The practice of practising

Tuesday, October 29th, 2013

Pianist Stephen Hough discusses the practice of practising:

My teacher, Gordon Green, used to say, “in practise a perfectionist, in performance a realist”. In other words, prepare assiduously, tirelessly at home, but when onstage accept the situation at hand without wishing the piano were more in tune, the audience were more appreciative (or larger), you hadn’t made a mess of that octave passage and so on.

But being a “realist” sounds rather prosaic when faced with bringing to poetic, passionate life the masterworks of master composers. I might put it differently from Gordon: in practice an engineer, in performance a pilot. Nuts and bolts in a plane are incomparably important, but when you sit at the cockpit of a Steinway concert grand your eyes need to look ahead not underneath.

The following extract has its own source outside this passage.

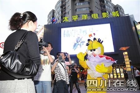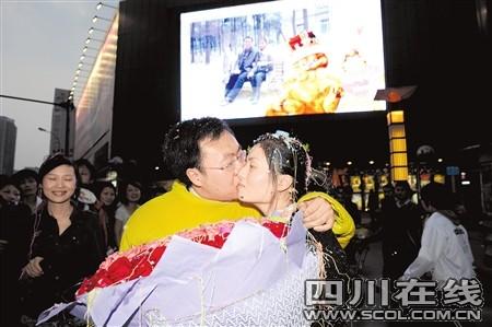 昨晚7點,應(yīng)男友的邀請,鄭小姐來到成都春熙路商圈的青年路太平洋影城準備和男友一起看電影。剛走到影城門口,鄭小姐突然發(fā)現(xiàn):影城門口的大屏幕上,居然正在播放由自己和男友平時照片所組成的短片。沒等鄭小姐回過神來,身穿加菲貓造型服裝的男友周先生已捧著大束玫瑰走上前來,單膝跪地:“嫁給我吧。”

The purpose of practising is so that we (offstage as engineers) make sure that we (onstage as pilots) are completely free to fly to the destination of our choice. That destination is one involving imagination and creativity and spirituality and danger and ecstasy of course, not merely the A to B of playing the notes, but without the nuts and bolts in place we will never be airborne. The greatest interpretative vision of the final pages of the final sonata of Beethoven will nosedive to oblivion if we can’t play an even trill.

[...]

Slow practice can be a complete waste of time if the mind is not working quickly. Simply to trawl through passages like a contented tortoise is a waste of the felt on your piano’s hammers. Good slow practice is more like a hare pausing to survey the scene — sharp in analysis, watching through the blades of grass, calculating the next sprint.

[...]

There are two dangers to avoid in practising, firstly not to play as if you’re onstage, filling the hours crashing through pieces without improvement. This is a common occurrence in conservatories — Rachmaninov concertos pounded with adolescent passion and coarse, crude effects. But the second, more subtle danger is not to get stuck in a practising mode. This is related to mindless slow practice. All the focus when in the practice studio should be how we will play when in the concert hall. If something comes apart, don’t stop immediately. Guide the skidding wheels around the crashing corner for another meter or two, despite the sparks and screeches. A common student scenario: music flying along; train wreck; a second of silence; start at point of accident; continue. The point where things broke down is the fragile spot, the dodgy seam. It needs sufficient overlap of material to be strong. Go back before the mistake and practise beyond the mistake — then the mistake itself will be more safely repaired. Otherwise the very stopping and starting becomes a reflex — an ingrained repetition of breakdown.

[...]

There is a well-worn saying: practice makes perfect. I don’t believe this, at least in reference to playing the piano: abstract “perfection” is rarely what we seek; but good practising makes it more likely that we will give a good performance. Its attention, its concentration, its tightening of the screws enable the concert experience to take wing in freedom.